▸ **What needs to be done**:
Below are some entries. Transcribe the lines from the one holding "thick ivory stalk." to the one holding "처음 모습을 보였습니다.", inclusive, but not the pictures among them.

*** Opening Task data ***

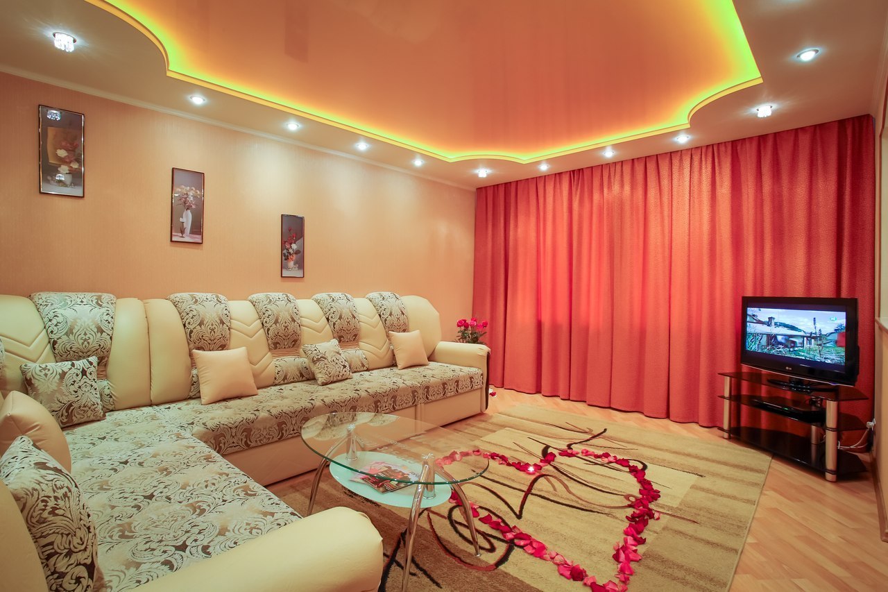 Уже редко где можно встретить традиционные люстры, висящие в центре комнаты. С помощью двухуровневых натяжных потолков с подсветкой в зал можно получить уютное и неповторимое помещение. Грамотные сценарии освещения позволяют творить настоящие чудеса. Одна из схем – подсветка точечными светильниками, расположенная по периметру полотна. Небольшие осветительные приборы будут формировать мягкий и рассеянный свет.
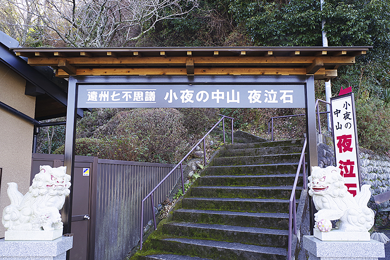 「遠州七不思議 小夜の中山 夜泣石」と書かれた立派な門を見つけた
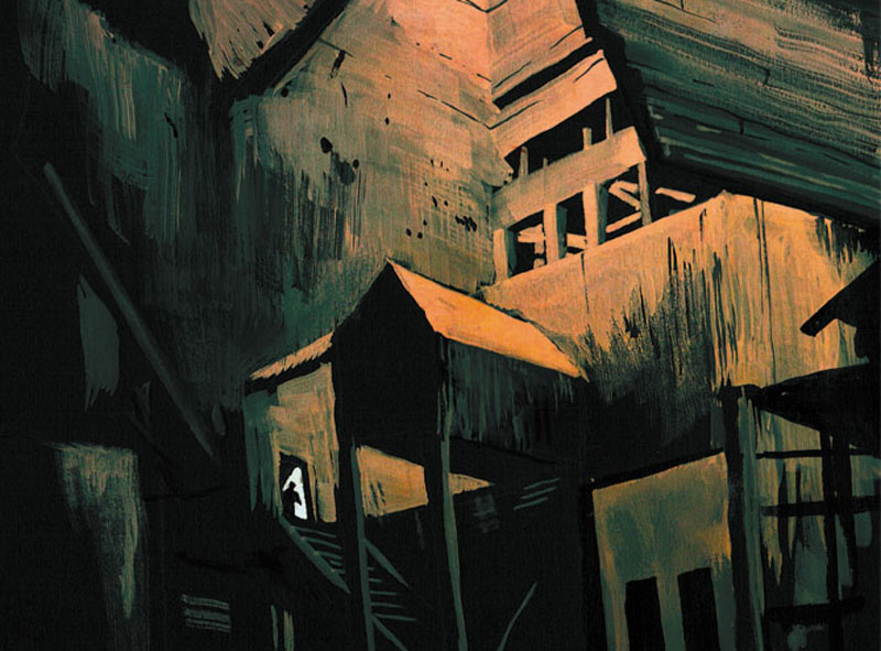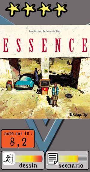 Sept ans après son chef d’œuvre Kililana Song, Benjamin Flao nous revient avec une « vraie » BD, Essence. Autant dire qu’il était attendu au tournant… Et on peut l’affirmer sans faux-semblants, c’est un retour réussi, malgré une fin un peu décevante ! D’emblée, nous sommes plongés dans un univers très singulier, qui sous le pinceau de Flao, atteint une dimension grandiose. Le décor : un mélange perturbant de réalisme burlesque et d’onirisme exubérant, juste fascinant à regarder.
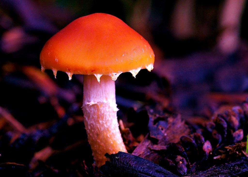 “Hogwash!” he cried out, suddenly looking down at the ground and seeing the smiling face of a mushroom with an orange cap and a thick ivory stalk.
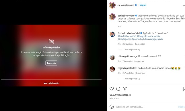 O vídeo, que é de 2015, foi marcado como falso pela rede social. Na sequência, Carlos publicou novamente: “Vídeo sem edições do ex-presidiário por suas próprias palavras sem qualquer comentário de ninguém. Será falso também, ‘checadores’? Aguardemos e tirem suas conclusões.”
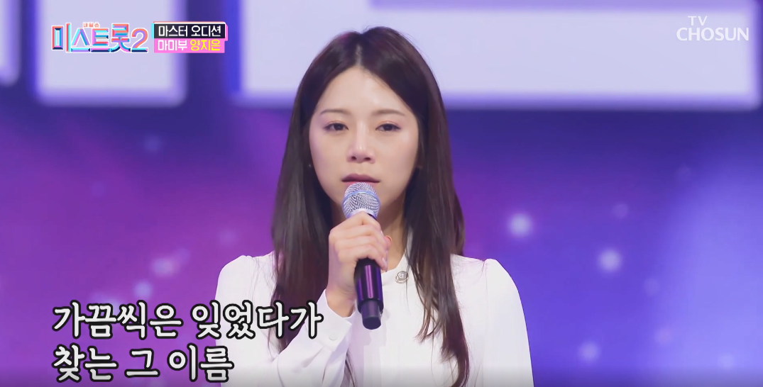 ‘제주댁’ 양지은은 <미스트롯 2> 3회 ‘마스터 오디션’에서 ‘마미부’의 마지막 참가자로 처음 모습을 보였습니다.
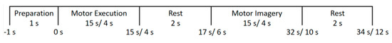 Timing paradigm of one trial: the duration of motor execution can be 15 s (tapping each finger for 3 s) or 4 s (other tasks); the endpoint of motor imagery depends on the participant’s self-regarded “completion”. The overall time course is estimated and denoted at the bottom. It can vary between subjects and tasks.
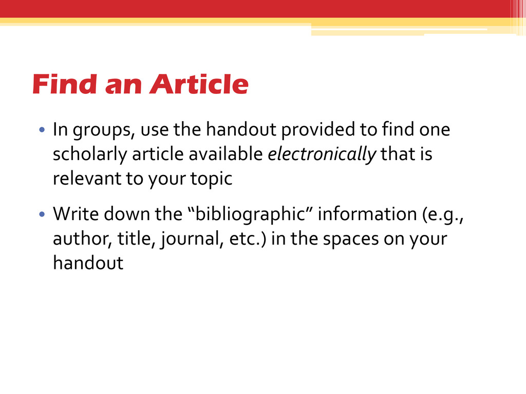 to find one scholarly article available electronically that is relevant to your topic • Write down the “bibliographic” information (e.g., author, title, journal, etc.) in the spaces on your handout
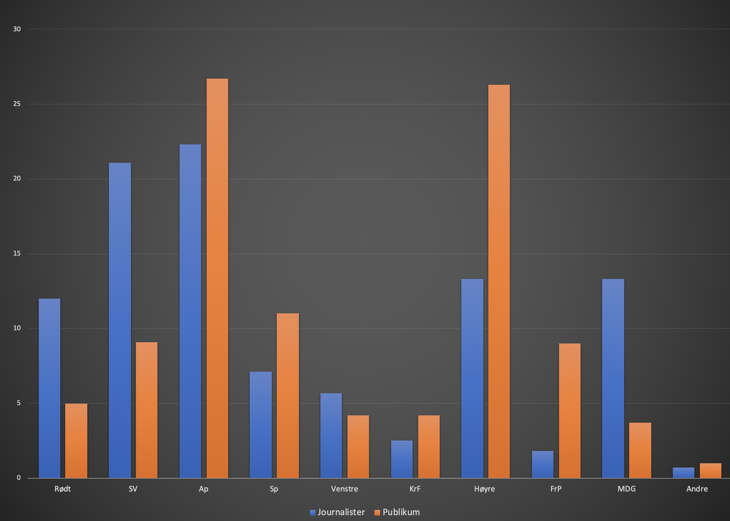 Ser vi på journalisters partivalg versus publikums ser vi at differansen er store for de fleste partier, kanskje med unntak av Venstre og KrF. Både Venstre og KrF får 4,2 prosent hos publikum, mot Venstres 5,7 prosent hos journalister og KrFs 2,5 prosent. Ap gjør det også bra hos publikum med 26,7 prosent (mot journalistenes 22,3 prosent), og er det største partiet – men tett fulgt av Høyre.
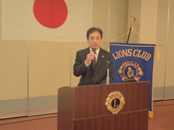廣兼会長に卓話の機会を頂戴しお礼申し上げます。それでは、私の26年に及ぶライオンズライフを語りたいと思います。まず初めに、吉井さん(→久保さん)、篠原さん(→山縣さん)あなた方はスポンサーを覚えていらっしゃいますか?私は27年前に、JCを卒会後すぐに他団体より勧誘されました。その前に現メンバーからお誘いを受けていたので改めてLCへの入会を希望しました。しかしながら、当時は「1業種・1名」という慣例により入会が困難でした。その中であるメンバーより強く推薦を受け入会することがかないました。その方が私のスポンサーであり今日に至ります。推薦して頂いた事で恥を欠かせる事の無いよう、思いをもって26年間活動してきました。スポンサーは新入会員を入会させる為にいろいろな努力をされています。当然ながら皆さんは選ばれて入会するわけですから、責任感をもって活動して下さい。在籍中一番光栄に思った事は、ZCの職に就いているとき竹下第2副地区ガバナーを誕生させた事です。来年4月には、第61回年次大会を控えています。前夜祭担当部長として、おもてなしの心で「萩」らしさのある「前夜祭」を作りたいと思います。ご協力よろしくお願いします。最後に、若いメンバーとの交流も多く、良いアドバイザーとなることでこれからのライオンズライフを大切にしたいと思います。ありがとうございました。
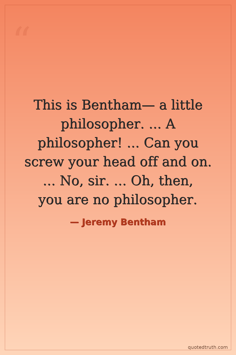 This is Bentham— a little philosopher. ... A philosopher! ... Can you screw your head off and on. ... No, sir. ... Oh, then, you are no philosopher.
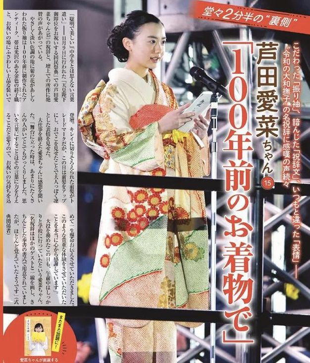 作为优秀到闪光的新生代艺人,去年在日本新天皇即位庆典上,15岁的爱菜受邀身着有100年历史的名贵和服上台念祝贺词。
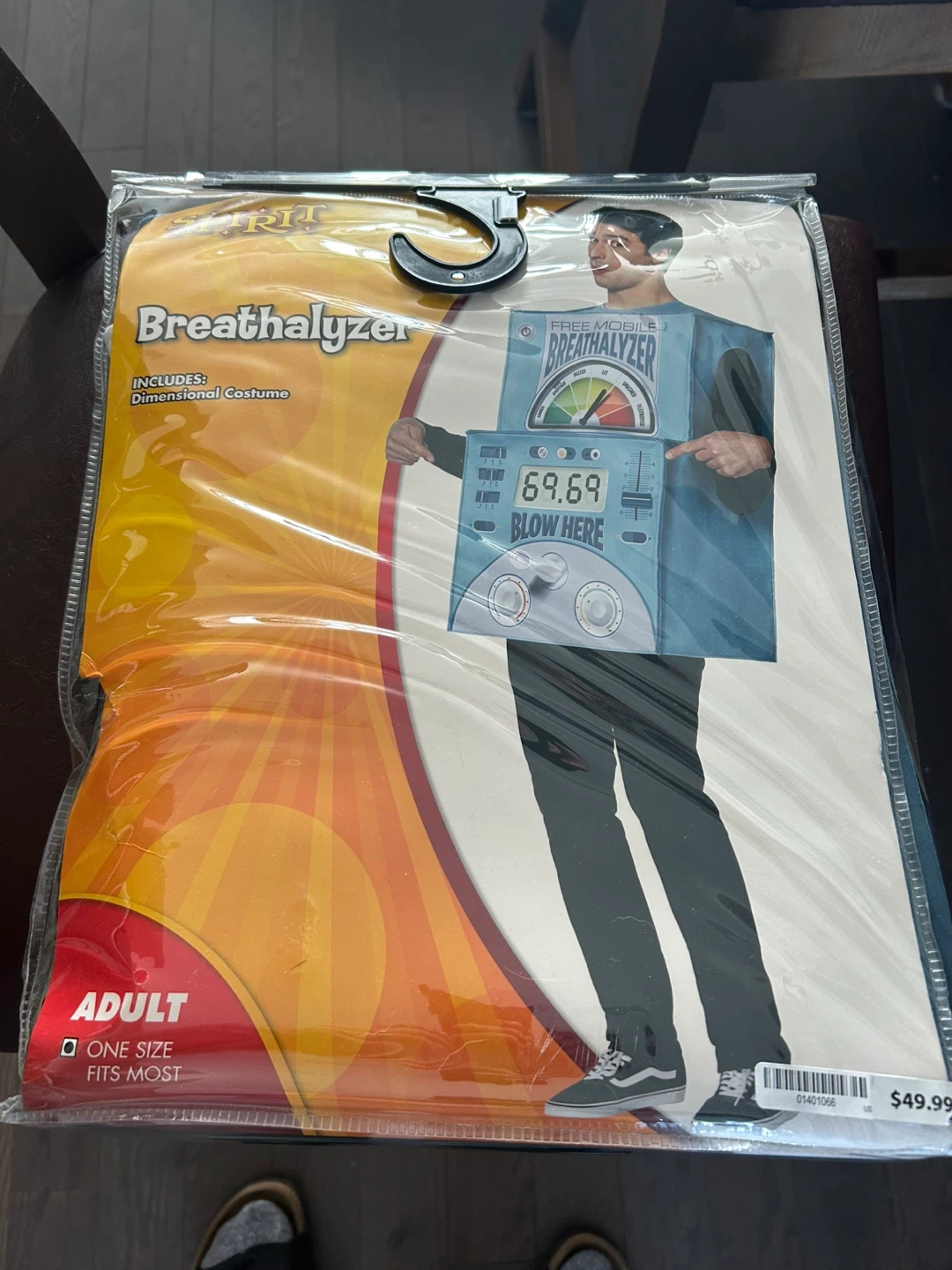 This is a Spirit brand Breathalyzer dimensional costume. It's an adult, one-size-fits-most costume. It includes the dimensional costume.
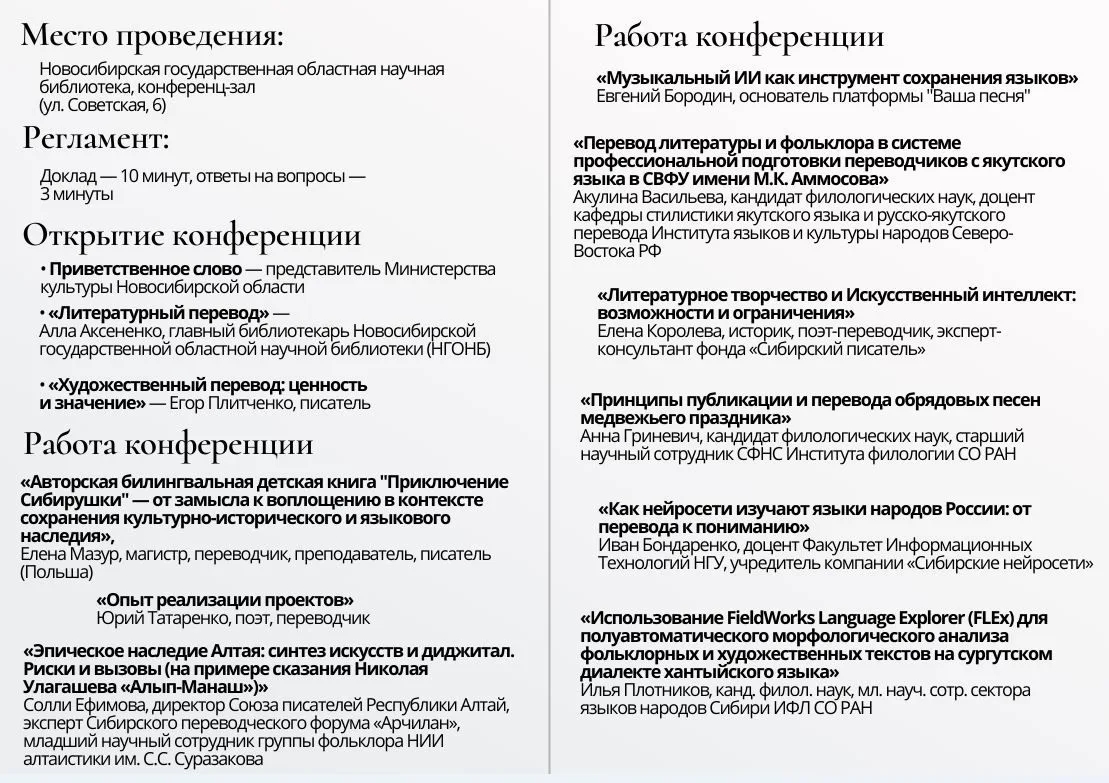 Значительная часть программы была посвящена опыту национальных республик и академическим исследованиям. Солли Ефимова, директор Союза писателей Республики Алтай, эксперт Сибирского переводческого форума «Арчилан», поделилась размышлениями о рисках и вызовах, которые возникают при адаптации эпического наследия для массового читателя с использованием ИИ-агентов, на примере сказания Николая Улагашева «Алып-Манаш». Солли обратила внимание на значительные искажения традиционной сюжетной рамки и символики эпоса при обработке текста с помощью ИИ.
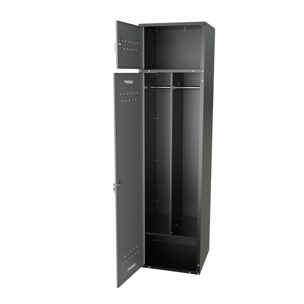 Шкаф для раздевалок GT205SHP.GREY (500мм х 500мм х 1936мм) СЕРЫЙ . Секция для обуви, двойная секция для курток с перекладиной под вешалки, верхняя антресоль с отдельным замком для головных уборов и сумок. Габариты упаковки 1630*540*155 мм (Д*Ш*В)
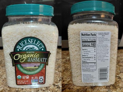 RiceSelect Organic Jasmati Rice is a premium-quality organic jasmine-style rice that's non-GMO verified by the non-GMO project. Each serving contains 3g of protein, zero saturated fat, trans fat, cholesterol, sugars, or sodium. This 32 oz. jar of rice is proudly grown in the US and makes for an excellent dietary staple.
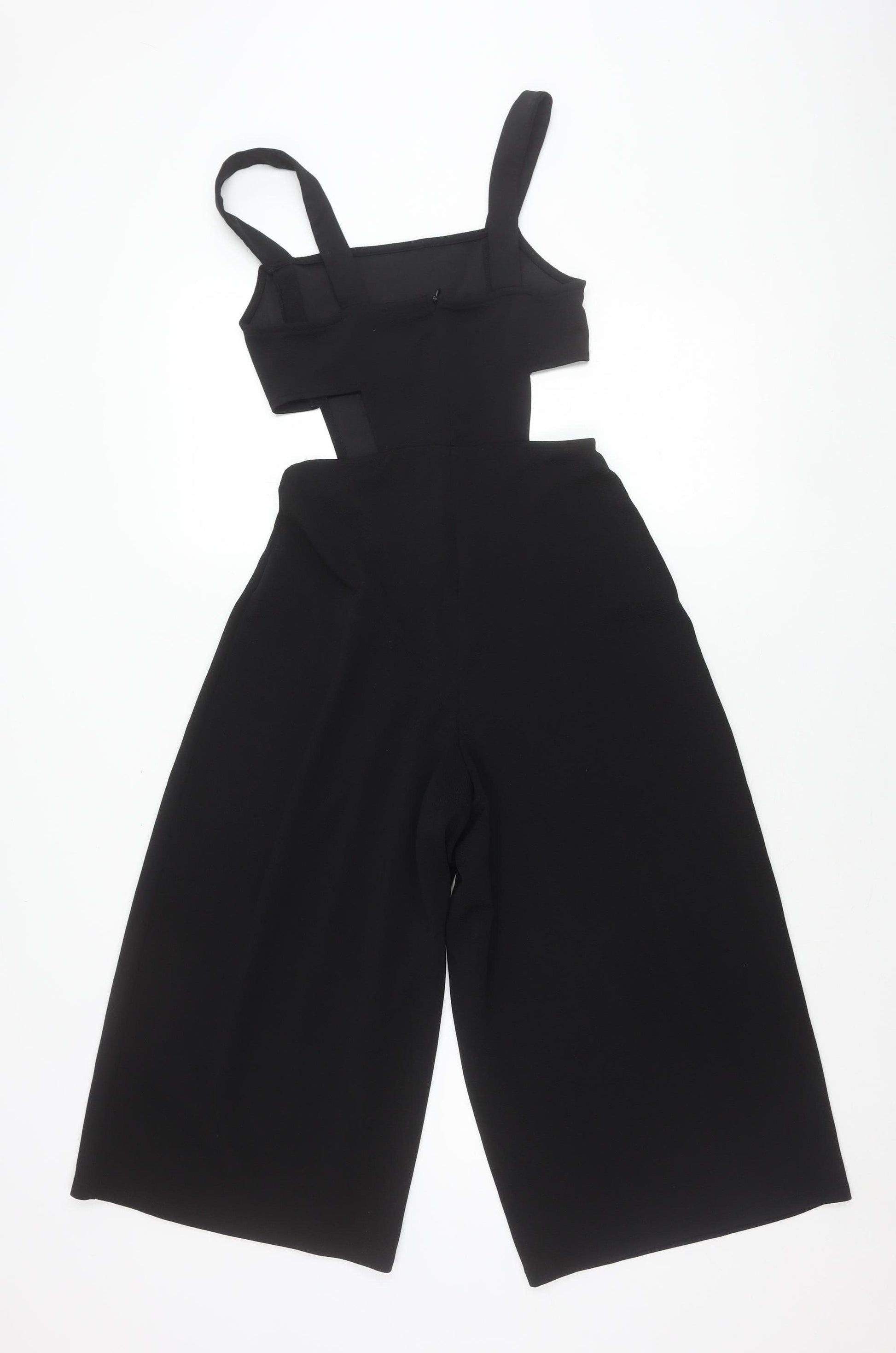 Women Black Square Neck Wide Leg Jumpsuit Size M

*** Closing Task data ***

▸ **Answer section**:
 “Hogwash!” he cried out, suddenly looking down at the ground and seeing the smiling face of a mushroom with an orange cap and a thick ivory stalk.
 O vídeo, que é de 2015, foi marcado como falso pela rede social. Na sequência, Carlos publicou novamente: “Vídeo sem edições do ex-presidiário por suas próprias palavras sem qualquer comentário de ninguém. Será falso também, ‘checadores’? Aguardemos e tirem suas conclusões.”
 ‘제주댁’ 양지은은 <미스트롯 2> 3회 ‘마스터 오디션’에서 ‘마미부’의 마지막 참가자로 처음 모습을 보였습니다.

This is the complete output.